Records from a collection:
★ ★ ★ ★ ★ ★ ★
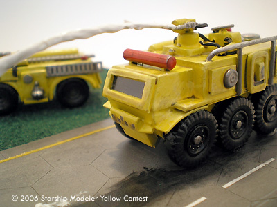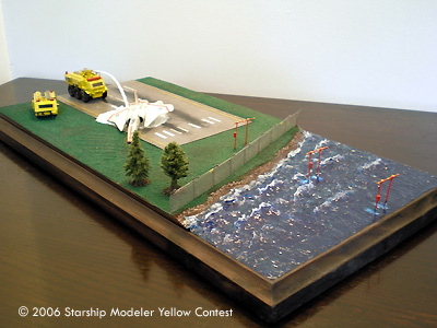 The principal tie to the theme are the yellow crash rescue appliances. The appliances are scratch built with the wheels coming from a 1/72 truck, just right for a fire truck. The crashed plane is a 1:144 Lee F-20 tigershark modified to look like technology 50 years from now, heavily influenced by the new BSG. The wings are scratch built and an extra pair of engines are mounted. The runway is hand scored styrene, the grass is painted sand and the water build up slowly with layers of Liquitex gloss gel medium and blue pigments. This was also used for the fire fighting foam, but with white paint. The trees are railway scenery but the fence is scratch built from wire and fine wire mesh.
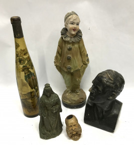 Lot Description:A Queen Victoria Statue, Clown Figure, Kaiser Wilhelm Clay pipe, bust of Demosthenes & decorated wine bottle
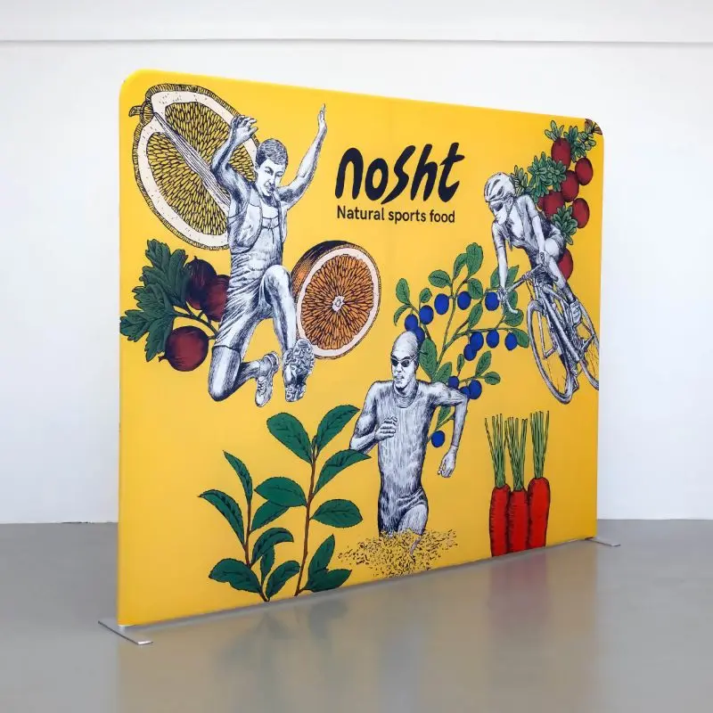 Lihtsalt lukustuv 32mm toruraam ja sukana peale tõmmatav kangas on kiirelt ja tööriistavabalt paigaldatavad, kaaluvad vähe ning ei võta pakitult ruumi. Kumerate nurkadega üleni kangaga kaetud stendid mõjuvad uudselt ja kaasaegselt.
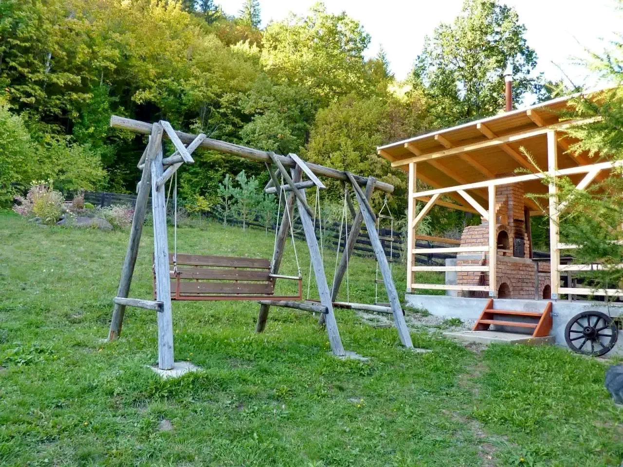 - Curtea de 1200 m² a cabanei oferă diverse activități pentru toate vârstele: leagănul, groapa cu nisip și pavilionul de grădină sunt perfecte pentru momente în familie sau cu prietenii.
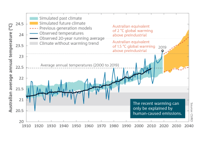 Figure 2. Australian average temperature observed and simulated from climate models. Past and future bands show the range of 20-year running average of climate model outputs. (Source: BoM & CSIRO 2020 State of the Climate)
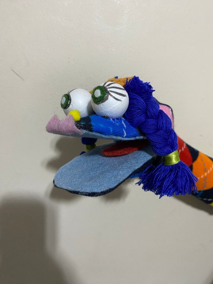 Büyük gözlü ve mavi örgülü saçlı, çok renkli peluş kukla oyuncak. Yumuşak ve eğlenceli tasarım.
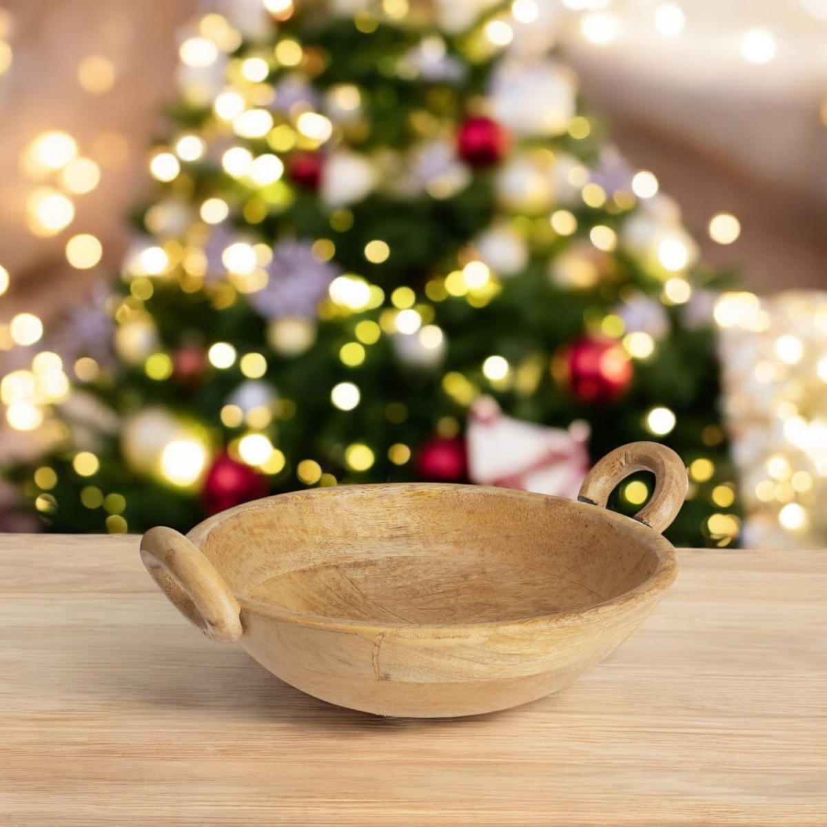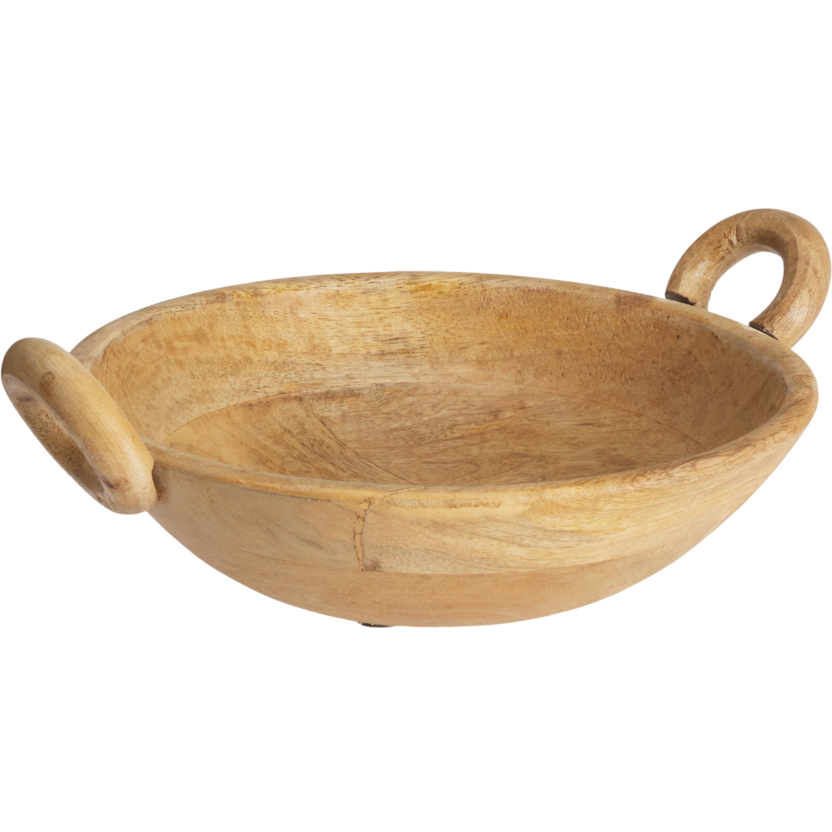 Természetes, natúr színű mangófából készült tál két oldalsó fogantyúval. Letisztult formája és meleg faerezetű felülete modern és rusztikus enteriőrben is jól mutat – dekorra és mindennapi rendezésre egyaránt.
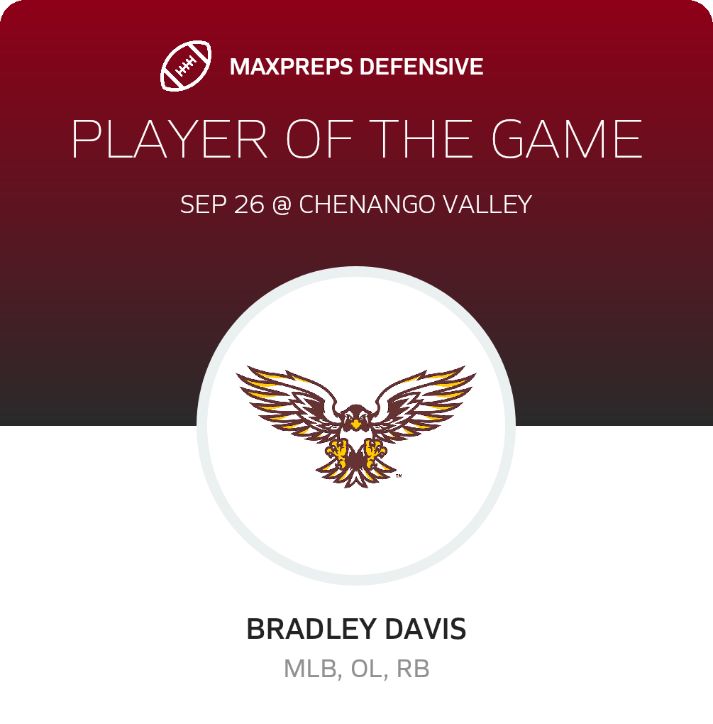 With the defeat, Chenango Valley drops to 1-3 on the season. The Warriors travel to Chenango Forks (Binghamton, NY) to face the Blue Devils in a non-league challenge on Saturday, October 4. The Blue Devils go into the challenge with a record of 5-0. Chenango Forks won 51-14 in their recent non-league challenge against Watkins Glen (Watkins Glen, NY)
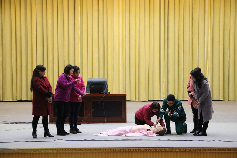 讲座现场,高兴松副主任医师讲解了中医养生保健知识,以及如何科学饮食,合理用药等注意事项;急诊科副主任骆雨就徒手心肺复苏急救方法进行讲解和示范,现场指导学员们实际操作。
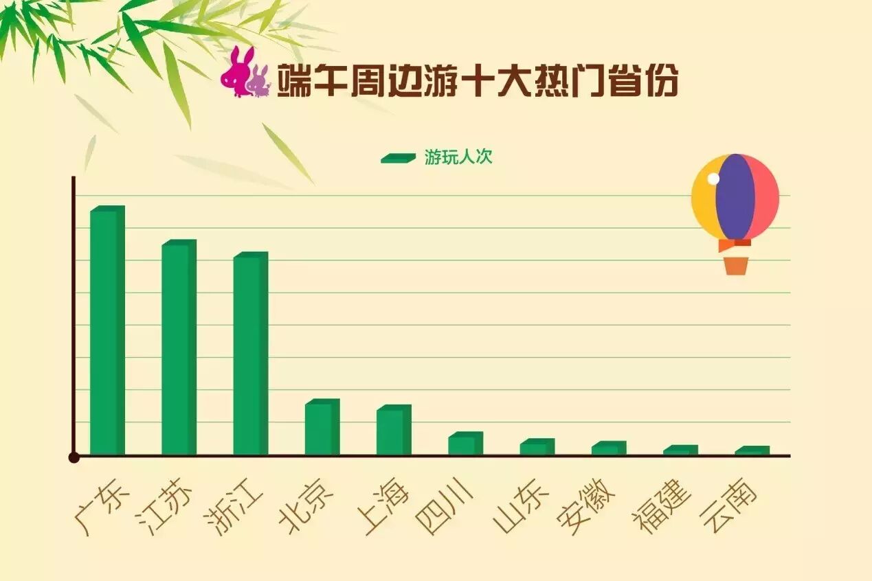 端午节不仅是中国传统节日,也是上半年最后一个国家法定节假日,除了遵循传统民俗吃粽子、赏龙舟外,也有许多游客趁着假期外出旅游放松心情。然而,由于假期不长,3天以内行程的周边游依然是大部分游客出行的首要选择。数据显示,驴妈妈周边游的人次量是去年同期4.14倍;作为自驾游、亲子游大省,广东端午周边游最活跃。
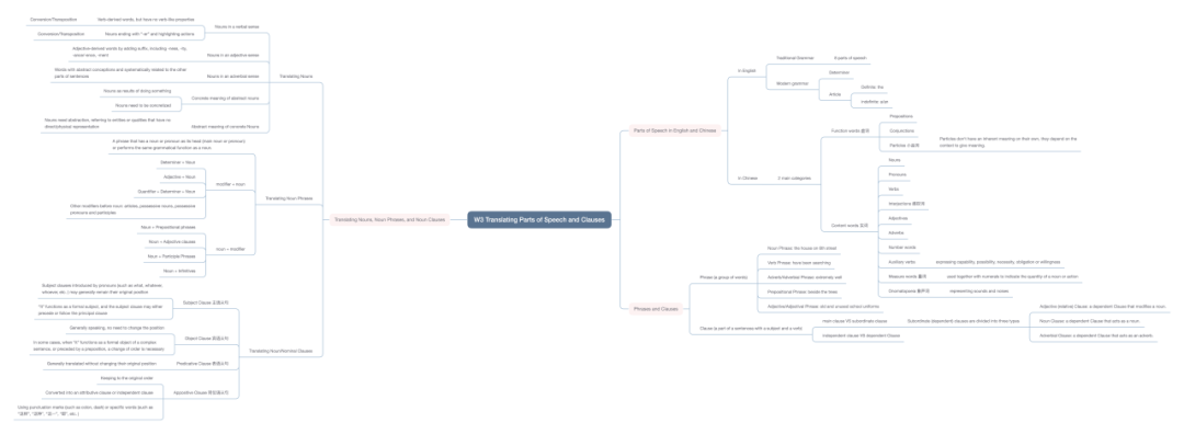 不同的课程各有侧重。我们习得翻译理论与实践的严谨与细微,回溯前人成果并加以创新性运用;我们对不同体裁的文本细致分析,欣赏字句表面的审美也挖掘其背后的意蕴,从而进行有批判性的甚而颠覆式的重组与思考。除了保持思考,也应多多总结。我喜欢用思维导图规整每一周的新知,用以理顺脉络,更能包容遐思。
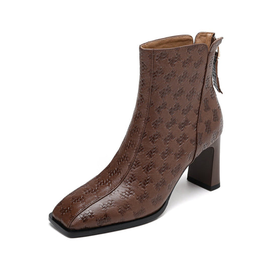 TinaCus Women Square Toe Genuine Leather Chunky Heel Handmade Back Zip Ankle Boots
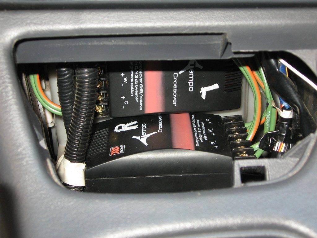 На перед - компоненты Morel Tempo 6. Мидбасы внатяг, но встали в штатное место. Твиттеры (пищалки) - вместо боковых дефростеров на торпедо. На треугольники дверей у зеркал не вставали из-за довольно больших размеров подиума. Кроссоверам место нашлось сразу за пепельницей/прикуривателем, посадил их на 2-сторонний скотч. Провод от мафона до кроссовера получился короткий. Провод от кроссовера до мидбасов в дверях использовался штатный, провод от кроссовера до твиттеров пробросил новый.
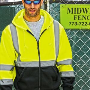 Unisex Hi-Vis Full-Zip Hooded Sweatshirt
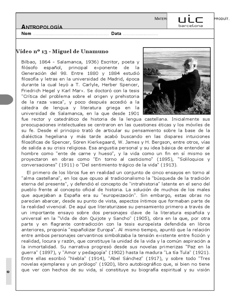 Miguel de Unamuno, responde a las cuestiones siguientes:
★ ★ ★ ★ ★ ★ ★
## Task statement
Only the entries themselves should be output, word for word, with all pictures omitted.

## Written reply
 The principal tie to the theme are the yellow crash rescue appliances. The appliances are scratch built with the wheels coming from a 1/72 truck, just right for a fire truck. The crashed plane is a 1:144 Lee F-20 tigershark modified to look like technology 50 years from now, heavily influenced by the new BSG. The wings are scratch built and an extra pair of engines are mounted. The runway is hand scored styrene, the grass is painted sand and the water build up slowly with layers of Liquitex gloss gel medium and blue pigments. This was also used for the fire fighting foam, but with white paint. The trees are railway scenery but the fence is scratch built from wire and fine wire mesh.
 Lot Description:A Queen Victoria Statue, Clown Figure, Kaiser Wilhelm Clay pipe, bust of Demosthenes & decorated wine bottle
 Lihtsalt lukustuv 32mm toruraam ja sukana peale tõmmatav kangas on kiirelt ja tööriistavabalt paigaldatavad, kaaluvad vähe ning ei võta pakitult ruumi. Kumerate nurkadega üleni kangaga kaetud stendid mõjuvad uudselt ja kaasaegselt.
 - Curtea de 1200 m² a cabanei oferă diverse activități pentru toate vârstele: leagănul, groapa cu nisip și pavilionul de grădină sunt perfecte pentru momente în familie sau cu prietenii.
 Figure 2. Australian average temperature observed and simulated from climate models. Past and future bands show the range of 20-year running average of climate model outputs. (Source: BoM & CSIRO 2020 State of the Climate)
 Büyük gözlü ve mavi örgülü saçlı, çok renkli peluş kukla oyuncak. Yumuşak ve eğlenceli tasarım.
 Természetes, natúr színű mangófából készült tál két oldalsó fogantyúval. Letisztult formája és meleg faerezetű felülete modern és rusztikus enteriőrben is jól mutat – dekorra és mindennapi rendezésre egyaránt.
 With the defeat, Chenango Valley drops to 1-3 on the season. The Warriors travel to Chenango Forks (Binghamton, NY) to face the Blue Devils in a non-league challenge on Saturday, October 4. The Blue Devils go into the challenge with a record of 5-0. Chenango Forks won 51-14 in their recent non-league challenge against Watkins Glen (Watkins Glen, NY)
 讲座现场,高兴松副主任医师讲解了中医养生保健知识,以及如何科学饮食,合理用药等注意事项;急诊科副主任骆雨就徒手心肺复苏急救方法进行讲解和示范,现场指导学员们实际操作。
 端午节不仅是中国传统节日,也是上半年最后一个国家法定节假日,除了遵循传统民俗吃粽子、赏龙舟外,也有许多游客趁着假期外出旅游放松心情。然而,由于假期不长,3天以内行程的周边游依然是大部分游客出行的首要选择。数据显示,驴妈妈周边游的人次量是去年同期4.14倍;作为自驾游、亲子游大省,广东端午周边游最活跃。
 不同的课程各有侧重。我们习得翻译理论与实践的严谨与细微,回溯前人成果并加以创新性运用;我们对不同体裁的文本细致分析,欣赏字句表面的审美也挖掘其背后的意蕴,从而进行有批判性的甚而颠覆式的重组与思考。除了保持思考,也应多多总结。我喜欢用思维导图规整每一周的新知,用以理顺脉络,更能包容遐思。
 TinaCus Women Square Toe Genuine Leather Chunky Heel Handmade Back Zip Ankle Boots
 На перед - компоненты Morel Tempo 6. Мидбасы внатяг, но встали в штатное место. Твиттеры (пищалки) - вместо боковых дефростеров на торпедо. На треугольники дверей у зеркал не вставали из-за довольно больших размеров подиума. Кроссоверам место нашлось сразу за пепельницей/прикуривателем, посадил их на 2-сторонний скотч. Провод от мафона до кроссовера получился короткий. Провод от кроссовера до мидбасов в дверях использовался штатный, провод от кроссовера до твиттеров пробросил новый.
 Unisex Hi-Vis Full-Zip Hooded Sweatshirt
 Miguel de Unamuno, responde a las cuestiones siguientes:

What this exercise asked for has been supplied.